Ошеломленно вытаращив глаза, мы рассматривали молодого человека, распростертого на спине, с умиротворенным лицом, закрытыми глазами и приоткрытым ртом, закинув одну руку за голову, а другую положив на то, что некогда было тонкой подушечкой из белоснежной шерсти, набитой пухом. Длинные черные волосы юноши укрывали его тело, словно плащ из драгоценного шелка, утыканный крошечными золотыми украшениями, изображающими насекомых. Его узкие бедра и ноги охватывала длинная шерстяная набедренная повязка, складчатая и перехваченная поясом.
Мой брат тихо подошел, чтобы разглядеть его поближе. Я видел, как он протянул руку, будто желая коснуться золотисто-коричневой кожи, пальцем дотронуться до лица, овал и черты которого поражали безупречной правильностью.
— Этти, нет! — крикнул я.
Он отдернул руку, отшатнулся.
Теперь и я приблизился. Ганс и Гиацинт следовали за мной. Это тонкое лицо завораживало. Сколько лет ему могло быть? Двадцать, самое большее. Однако же теперь я различил в обсидианово-черной волне его волос несколько серебряных нитей.

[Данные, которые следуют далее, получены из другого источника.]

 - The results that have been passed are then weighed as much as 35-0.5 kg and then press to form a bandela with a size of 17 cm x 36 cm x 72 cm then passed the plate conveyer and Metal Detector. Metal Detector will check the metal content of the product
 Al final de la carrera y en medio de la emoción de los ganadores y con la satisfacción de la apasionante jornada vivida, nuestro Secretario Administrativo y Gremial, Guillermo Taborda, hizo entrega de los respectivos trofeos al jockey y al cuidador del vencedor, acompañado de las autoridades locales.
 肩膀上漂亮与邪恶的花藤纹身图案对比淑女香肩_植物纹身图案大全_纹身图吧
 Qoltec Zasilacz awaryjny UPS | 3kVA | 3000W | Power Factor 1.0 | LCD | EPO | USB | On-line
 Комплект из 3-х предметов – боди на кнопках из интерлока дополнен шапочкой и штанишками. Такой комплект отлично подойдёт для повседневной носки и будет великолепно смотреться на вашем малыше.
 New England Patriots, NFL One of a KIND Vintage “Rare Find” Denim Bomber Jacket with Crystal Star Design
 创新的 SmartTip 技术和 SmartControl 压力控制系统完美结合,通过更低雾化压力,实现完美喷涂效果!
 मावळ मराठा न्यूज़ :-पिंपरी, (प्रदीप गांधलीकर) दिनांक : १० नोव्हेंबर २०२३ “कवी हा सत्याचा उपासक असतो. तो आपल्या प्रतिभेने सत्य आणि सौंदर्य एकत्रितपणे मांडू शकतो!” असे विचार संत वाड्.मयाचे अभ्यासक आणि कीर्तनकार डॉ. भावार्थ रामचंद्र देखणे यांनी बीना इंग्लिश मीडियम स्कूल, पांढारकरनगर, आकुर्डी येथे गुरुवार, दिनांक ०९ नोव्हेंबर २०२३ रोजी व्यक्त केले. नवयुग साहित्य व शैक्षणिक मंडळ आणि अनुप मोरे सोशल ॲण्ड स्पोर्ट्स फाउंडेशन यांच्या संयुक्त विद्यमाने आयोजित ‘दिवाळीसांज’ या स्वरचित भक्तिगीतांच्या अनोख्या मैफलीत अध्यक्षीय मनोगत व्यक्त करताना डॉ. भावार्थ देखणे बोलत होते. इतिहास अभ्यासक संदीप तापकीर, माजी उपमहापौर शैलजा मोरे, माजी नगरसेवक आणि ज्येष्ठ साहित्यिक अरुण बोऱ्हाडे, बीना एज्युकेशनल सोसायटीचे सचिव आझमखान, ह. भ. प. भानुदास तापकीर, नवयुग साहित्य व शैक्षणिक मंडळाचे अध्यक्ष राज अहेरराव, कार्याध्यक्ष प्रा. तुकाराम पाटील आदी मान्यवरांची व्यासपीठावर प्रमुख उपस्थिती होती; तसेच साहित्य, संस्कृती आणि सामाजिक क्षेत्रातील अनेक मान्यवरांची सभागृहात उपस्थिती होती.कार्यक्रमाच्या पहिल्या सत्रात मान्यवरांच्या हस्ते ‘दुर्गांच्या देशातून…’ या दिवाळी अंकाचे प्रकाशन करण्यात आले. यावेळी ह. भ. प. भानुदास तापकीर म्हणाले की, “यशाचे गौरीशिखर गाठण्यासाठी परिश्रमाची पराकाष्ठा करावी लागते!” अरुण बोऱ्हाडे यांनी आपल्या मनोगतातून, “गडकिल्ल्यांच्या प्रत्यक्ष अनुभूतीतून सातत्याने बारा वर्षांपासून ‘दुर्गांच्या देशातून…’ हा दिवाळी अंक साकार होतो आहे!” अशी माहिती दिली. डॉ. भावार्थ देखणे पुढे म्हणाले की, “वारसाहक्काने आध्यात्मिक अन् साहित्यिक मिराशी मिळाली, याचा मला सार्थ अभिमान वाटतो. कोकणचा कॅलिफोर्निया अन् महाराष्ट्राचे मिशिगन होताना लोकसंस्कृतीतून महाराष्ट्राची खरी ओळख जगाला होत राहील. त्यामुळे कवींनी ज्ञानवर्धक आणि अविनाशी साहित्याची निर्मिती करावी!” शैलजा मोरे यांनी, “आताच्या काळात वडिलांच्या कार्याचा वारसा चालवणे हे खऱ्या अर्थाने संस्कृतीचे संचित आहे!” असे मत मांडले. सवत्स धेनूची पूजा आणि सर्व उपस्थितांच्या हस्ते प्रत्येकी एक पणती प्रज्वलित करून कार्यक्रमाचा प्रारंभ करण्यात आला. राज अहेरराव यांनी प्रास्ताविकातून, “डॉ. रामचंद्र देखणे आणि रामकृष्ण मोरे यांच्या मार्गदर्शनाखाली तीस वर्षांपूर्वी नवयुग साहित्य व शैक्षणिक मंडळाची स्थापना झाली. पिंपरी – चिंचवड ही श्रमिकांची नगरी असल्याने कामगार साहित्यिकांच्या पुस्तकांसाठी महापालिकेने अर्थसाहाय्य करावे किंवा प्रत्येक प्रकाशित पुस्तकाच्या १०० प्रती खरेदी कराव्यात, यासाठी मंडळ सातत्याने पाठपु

— Я уже видел это лицо… — прошептал я, всматриваясь в миндалевидные глаза, чувственные губы и точеный безукоризненный нос.

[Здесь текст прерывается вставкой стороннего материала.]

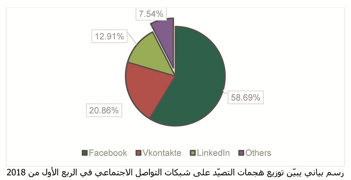 وقد كان فيسبوك، بداية العام الجاري، موقع التواصل الاجتماعي الأكثر تعرضاً للاستغلال من قبل المحتالين، الذين كثيراً ما كانوا يزيفون صفحات هذا الموقع في محاولة منهم لسرقة البيانات الشخصية عبر هجمات التصيّد. وتشكّل هذه المحاولات جزءاً من توجه استمرّ طويلاً؛ ففي العام 2017، أصبح فيسبوك أحد أهم ثلاثة أهداف لهجمات التصيّد بشكل عام، بنسبة 8% تقريباً، تلته شركة مايكروسوفت بنسبة 6%، فخدمة “باي بال” بنسبة 5%. أما في الربع الأول من 2018، فجاء فيسبوك في صدارة الشبكات الاجتماعية الأكثر عرضة لهجمات التصيد، تلته خدمة VK (خدمة تواصل اجتماعي روسية عبر الإنترنت) فموقع “لينكد إن”. ومن المرجّح أن يكون السبب الكامن وراء ذلك هو العدد الهائل من مستخدمي فيسبوك والبالغ 2.13 مليار مستخدم نشط شهرياً، بمن فيهم أولئك الذين يسجلون الدخول إلى تطبيقات غير معروفة باستخدام بيانات اعتمادهم على فيسبوك، ما يمنح تلك التطبيقات حق الوصول إلى حساباتهم، ومن شأن ذلك أن يجعل مستخدمي فيسبوك غير الحذرين هدفاً مربحاً لهجمات التصيّد الإلكتروني.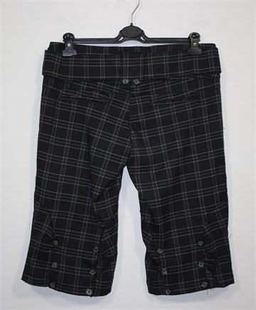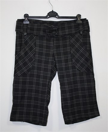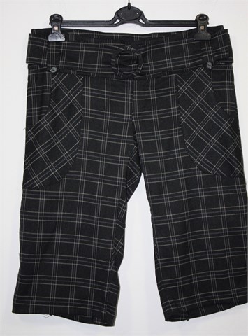 Vero moda poluduge hlače crno-sive boje sa prugastim uzorkom (materijal je kao tanji štof). Prednji cif i kopčanje, pasica za remen sa pripadajućim remenom (može se izvaditi). Prednji dublji bočni džepovi, stražnji samo ukrasni. Ukrasni gumbići sa stražnje strane nogavica. Materijal je blago rastezljiv.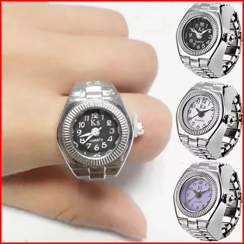 Jam Tangan Cincin Kuarsa Penunjuk Keren Jam Tangan Mini Jam Tangan Jari Pita Baja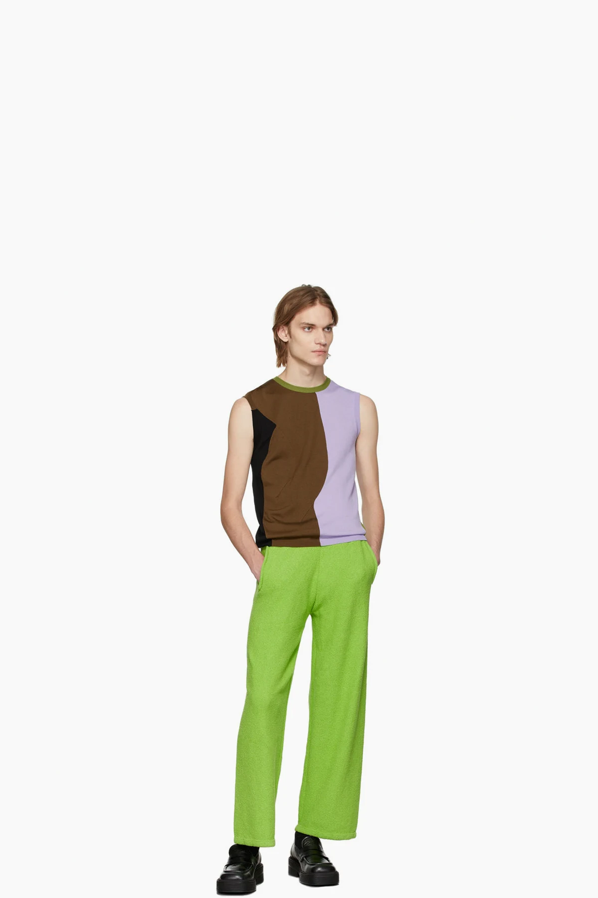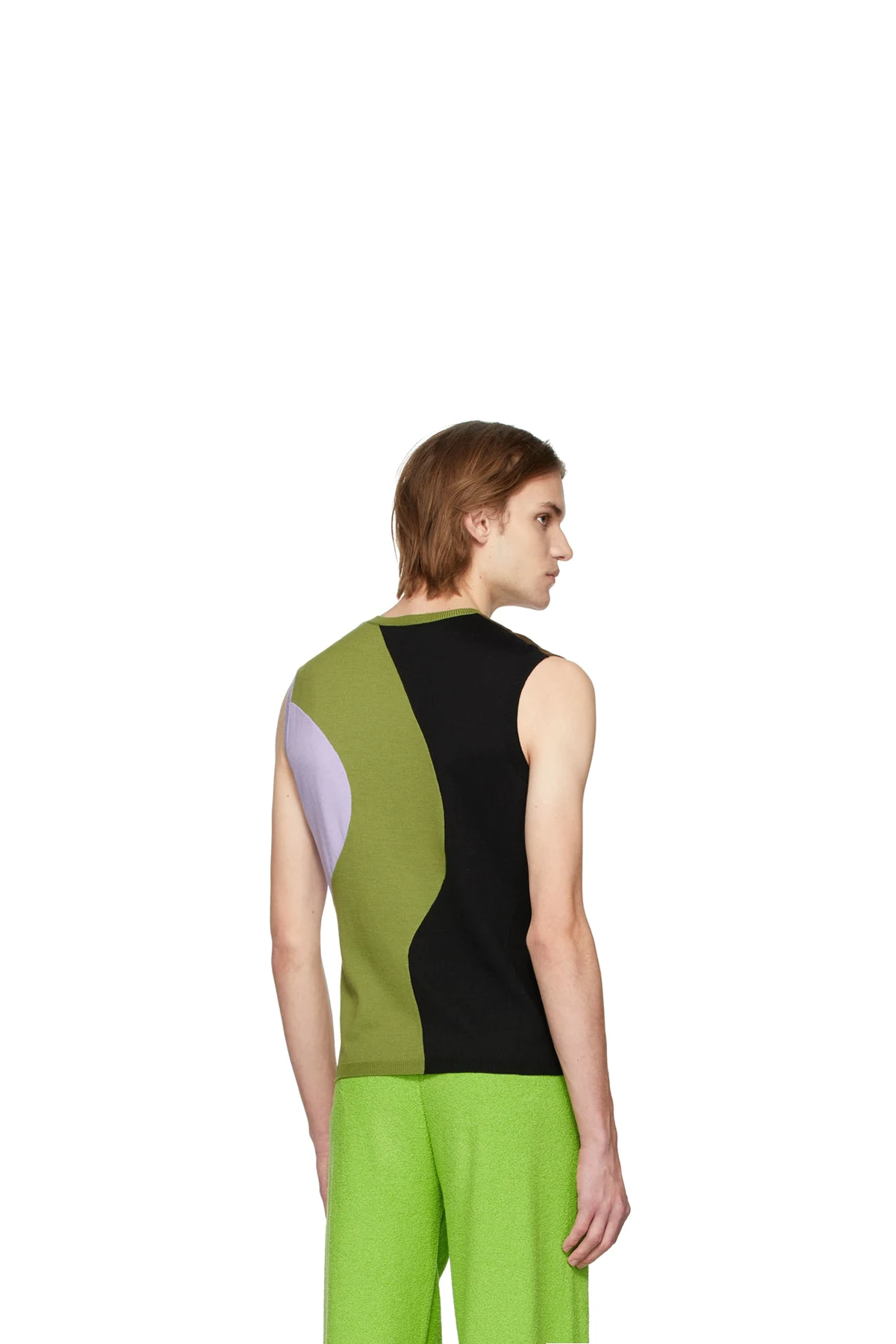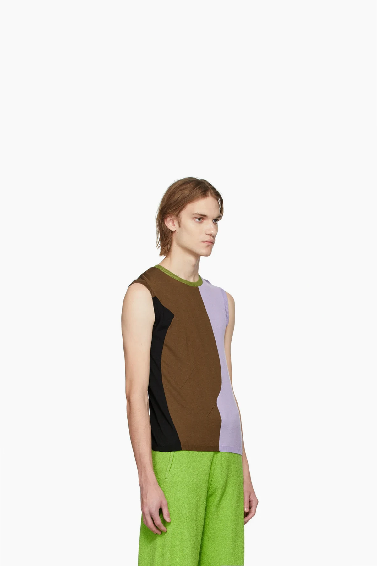 Sleeveless knit wool tank top colorblocked in multicolor. Rib knit crewneck collar, armscyes, and hem.

— Я тоже, но не могу вспомнить где, — признал Этти.
— Как он мог настолько сохраниться? — пробормотал Гиацинт. — Можно подумать, что это восковая фигура.

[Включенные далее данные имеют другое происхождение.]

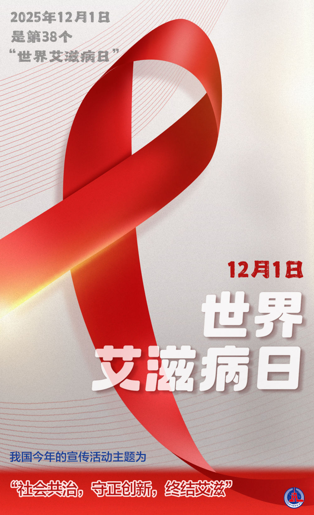 2025年12月1日是第38个“世界艾滋病日”,我国今年的宣传活动主题为“社会共治,守正创新,终结艾滋”。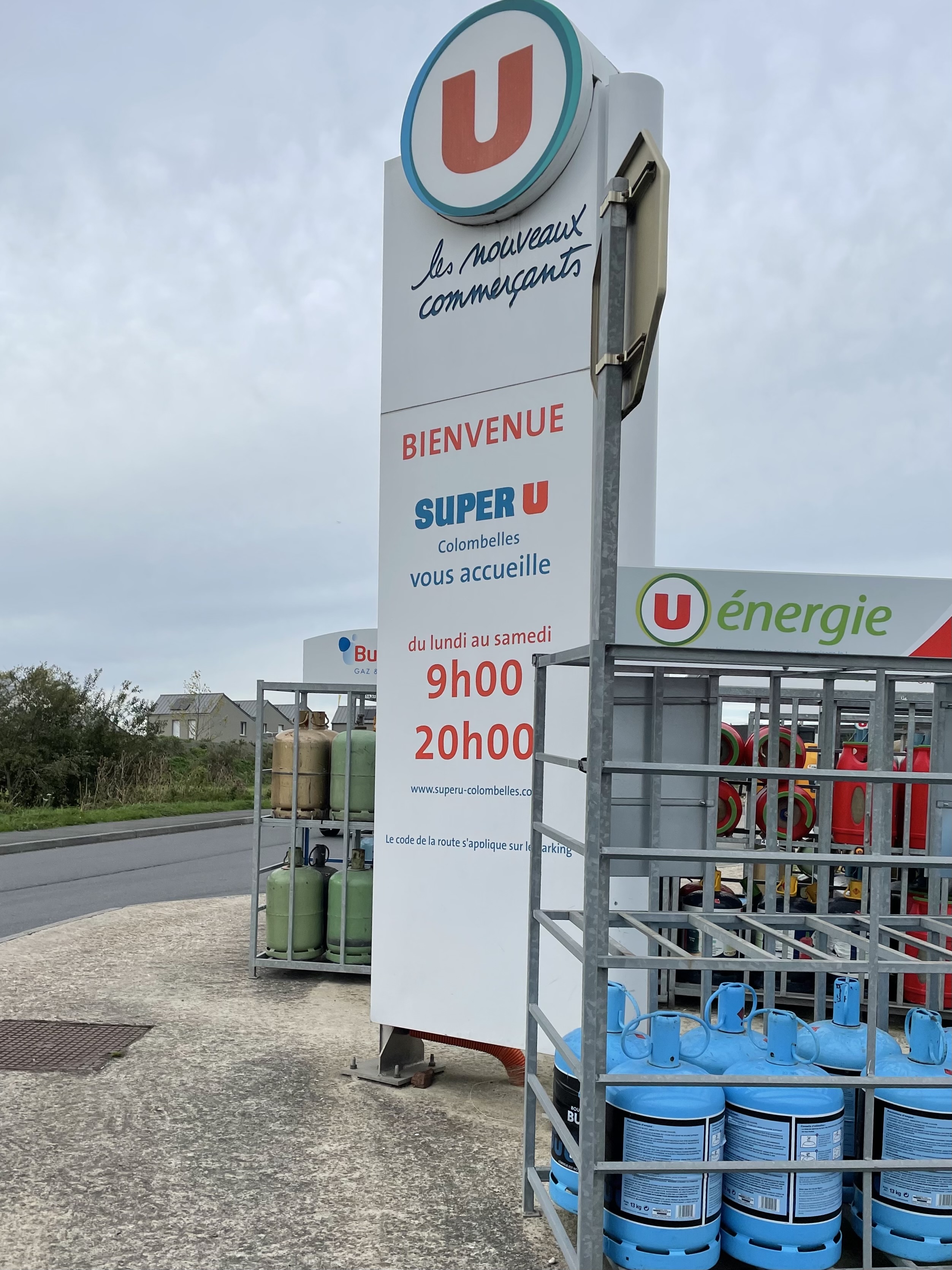 Super U de Colombelles avec divers services, notamment la station, le lavage auto et le Drive. Les bouteilles de gaz se trouve proche de la station d’essence. Pour sortir de la station, il faut contourner le bâtiment à l’arrière. Bon shopping !

— «…решили укрыть под покровом тайны божественный прах, хранителями коего являлись, и сделать его тайную гробницу самым священным из мест поклонения. Всякий, кто видел его, каждый миг ожидал, что его веки поднимутся или уста шевельнутся. Он был забальзамирован с таким совершенством, что никто не принял бы его за мертвого. Казалось, Анубис с начала времен спит на своем ложе из чистого золота», — процитировал Этти.
— Плутарх, — пояснил я. — Знал бы он, до какой степени это правда…
— Не хочется разрушать очарование, — вмешалась Кассандра, — но мы сюда явились кое-что отыскать.
Это грубое напоминание о реальности подействовало на меня будто холодный душ. Простой замысел умыкнуть у этого спящего юноши его добро теперь показался мне кощунственным.
Тем не менее мы стали озираться вокруг, однако никаких следов маски не обнаружили.
— Может быть, в стене есть ниша?
— Постойте! — крикнул Этти, шаря в рюкзаке Ганса, и вытащил оттуда цифровой фотоаппарат. — Если вы хотите тут все разграбить, дайте мне несколько минут.
— Все разграбить? — возмутился Ганс. — За кого ты нас принимаешь? За татар?
— За варваров, — поправил я.
Братец между тем со скрупулезной тщательностью фотографировал каждую надпись, каждую деталь гробницы.
Я простукивал стены в надежде обнаружить тайник, но, как ни старался быть осторожным, большой кусок фрески обвалился. Подавленный, умирая от стыда, я уставился на свои ноги, покрытые ее цветной пылью.
Ганс и Гиацинт тоже вдруг с болезненным интересом стали поглядывать на свои кроссовки, зато Кассандра нисколько не терялась:
— При всем почтении к памятникам старины вынуждена напомнить, что преследователь у нас на хвосте!
Прошло минут двадцать, и от великолепной стенной росписи осталось одно воспоминание, но иных результатов простукивание не дало: никаких тайников, все глухо.
— Все равно эта маска должна быть где-то здесь! — Кассандра бесилась от нетерпения.
И тут ее взгляд остановился на алтаре.
— Здесь? — спросил я, поглаживая золотую плиту.
— Надо его положить на пол. — Она указала на мумифицированное тело. — Может быть, под матрасом…
Я отшатнулся:
— На меня не рассчитывайте: я к нему не притронусь.
— Обойдусь без вас, — решила Кассандра. — Раз он выпотрошен и высушен, много весить не может.
Она решительно шагнула вперед и, на миг заколебавшись, положила обе ладони на плечи спящего юноши, который вдруг разом превратился в груду пепла.
— Боже мой… — вырвалось у Гиацинта.
Одно из крошечных насекомых, украшавших ослепительную шевелюру мумии, с мрачным звяканьем откатилось от алтаря прямо к моим ногам.
Этти поднял его, зажал в кулаке.
— Ну вот, можете быть довольны, — горько прошептал он.
Кассандра, остолбенев, неотрывно смотрела на свои почерневшие пальцы.
— По крайней мере нам больше незачем ломать голову, куда его положить, — хрипло сказала она, вытирая ладони о свои брюки, и широким жестом смахнула с алтаря пепел заодно с истлевшим матрасом, обнажив алтарную поверхность, сверкающую, как гладь озера. — Главное — не надо мне помогать!